I can visually see the device sending the join request (indicated by a rgb led), then helium sending the accept call back and ~ 2 seconds later the join window 1 closes on the device (indicated by a rgb led).

This should not be the case. JOIN_ACCEPT_DELAY1 is always 5s, and JOIN_ACCEPT_DELAY2 is always 6s.

From these logs

TX on freq 868300000 Hz at DR 5 TX on freq 868300000 Hz at DR 5 Event : Tx Done RX on freq 868300000 Hz at DR 5 Event : Rx Error

It appears the device is sending 2 join request on the same frequency 1 right after the other.
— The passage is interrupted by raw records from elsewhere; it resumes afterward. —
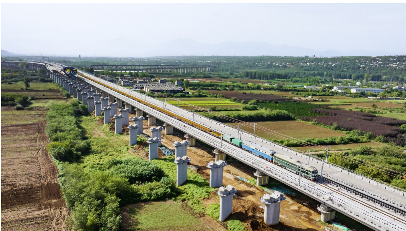
西十高铁500米长钢轨运输
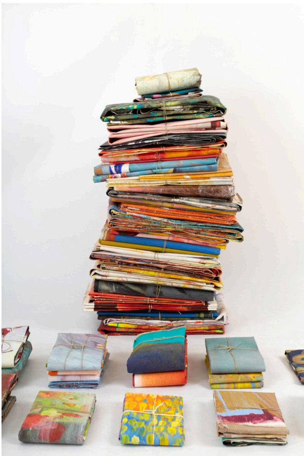
le poids de la peinture , installation in situ ©Maud veith
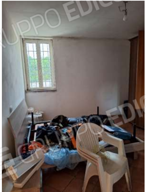
CAMERA 2 P.INT.
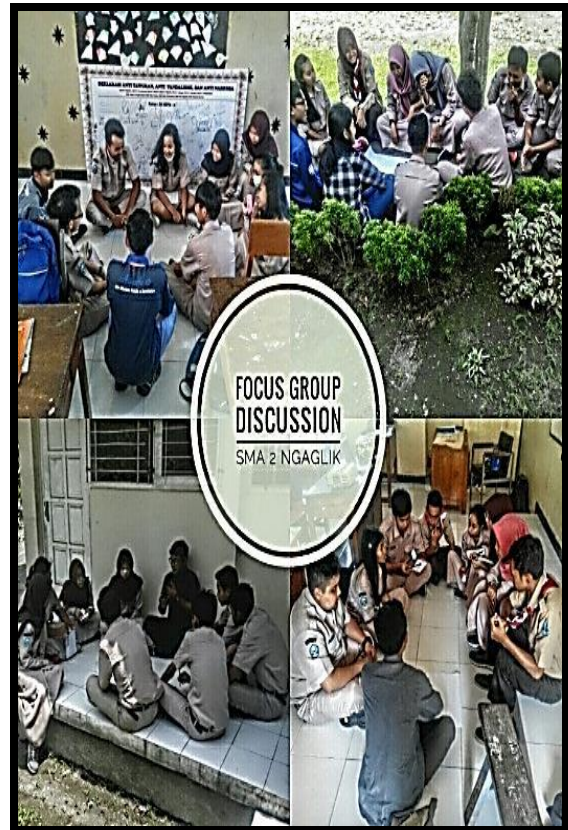
Gambar 2. Kegiatan FGD Peserta Edukasi Lingkungan di SMA 2 Ngaglik

biasa. Siswa diberi kesempatan untuk mengeluarkan ide-idenya terkait pengelolaan sampah.
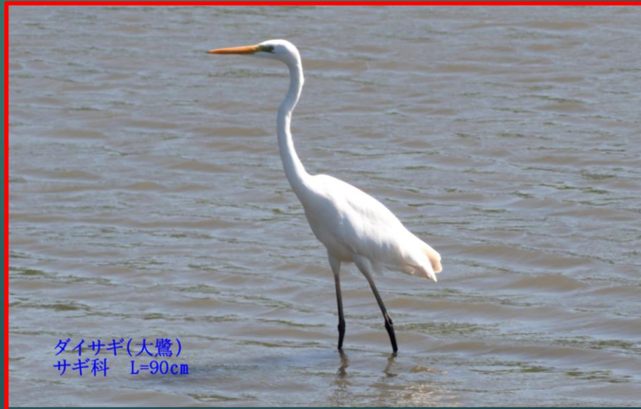
ダイサギ(大鷺) サギ科 L=90cm
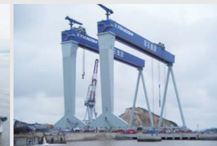
日本常石 700x130m 龙门起重机 Tsuneishi Shipbuilding 700t x 130m Goliath Crane
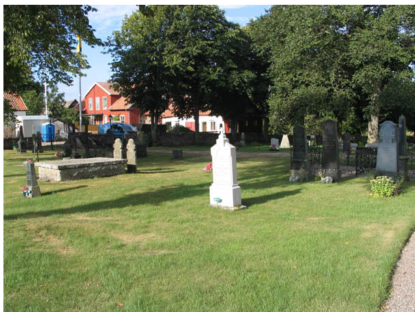
Kvarter A från nordost. (KI Hulterstad kyrkog 018)

Kvarteren A, och H är de äldsta områdena på kyrkogården. Söder om kyrkan ligger kvarter A som beräknas rymma 205 gravplatser. Här finns flera av kyrkogårdens äldsta gravvårdar. Kvarter H sträcker sig från ett område väster om kyrkans torn och fram till vinkeln mellan koret och långhuset. Kvarteret omfattar endast 10 gravplatser. Gravvårdarna i kvarteren är placerade i rader där majoriteten av vårdarna är vända mot öster och i annat fall mot väster. Raderna är dock inte alltid raka vilket tillsammans med de äldre gravvårdarna bidrar till att ge kvarteren en ålderdomlig karaktär.
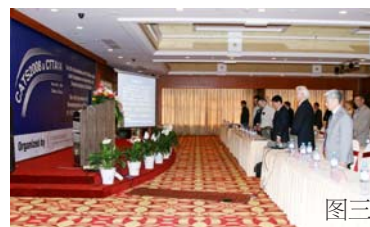
图一:我所下半旗志哀;图二:所班子全体成员、部分院士、研究室主任和相关部门的管理人员、研究室的科技人员等默哀;图三:参加中日双边量热学和热分析学术会议的中外专家学者默哀;图四:催化基础国家重点实验室全体科技人员和研究生默哀;
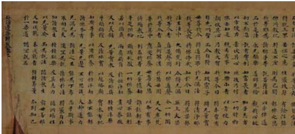
Boeddhistische Chinese soetraschriftrol, inkt op papier, 7 de -9 de eeuw, Lanzhou, © Gansu Provincial Museum Deze tekst werd in 1900 gevonden in grot 17 in Dunhuang. Het betreft een versie van de Lotus Soetra, een van de meest invloedrijke religieuze teksten in boeddhistisch China. Soetra's bestaan uit toespraken van en verhalen over Boeddha en zijn discipelen. Het reciteren ervan werd beschouwd als een middel om verdienste te verwerven en een goede wedergeboorte te garanderen.

Uitgebreide wetenschappelijke informatie over de vondsten van Dunhuang, waaraan in de tentoonstelling ruim aandacht wordt besteed, vindt U via http://idp.bl.uk . Men vindt er ook tal van illustraties en rubrieken, speciaal gericht tot leraren en studenten.
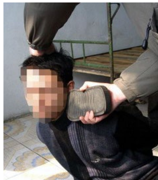
酷刑演示：鞋底打脸

eikaramba commented 2 years ago

This should not be the case. JOIN_ACCEPT_DELAY1 is always 5s, and JOIN_ACCEPT_DELAY2 is always 6s. Honestly i can be wrong, i just mention what i see on the device. I'm just using the quite popular heltec cubecell board. So you say that in total there SHOULD be 11 seconds at least between join attempts? I also don't see that behaviour on other lora nodes.

The device only is sending one join request, the logs are just showing it two times. i checked and it is always like this for the heltec logs (also checked all logs public available on the internet)

unfortunately the "bug" is still there, even after activating the CF-List. i will continue to inspect but fear there is not much i can do anymore.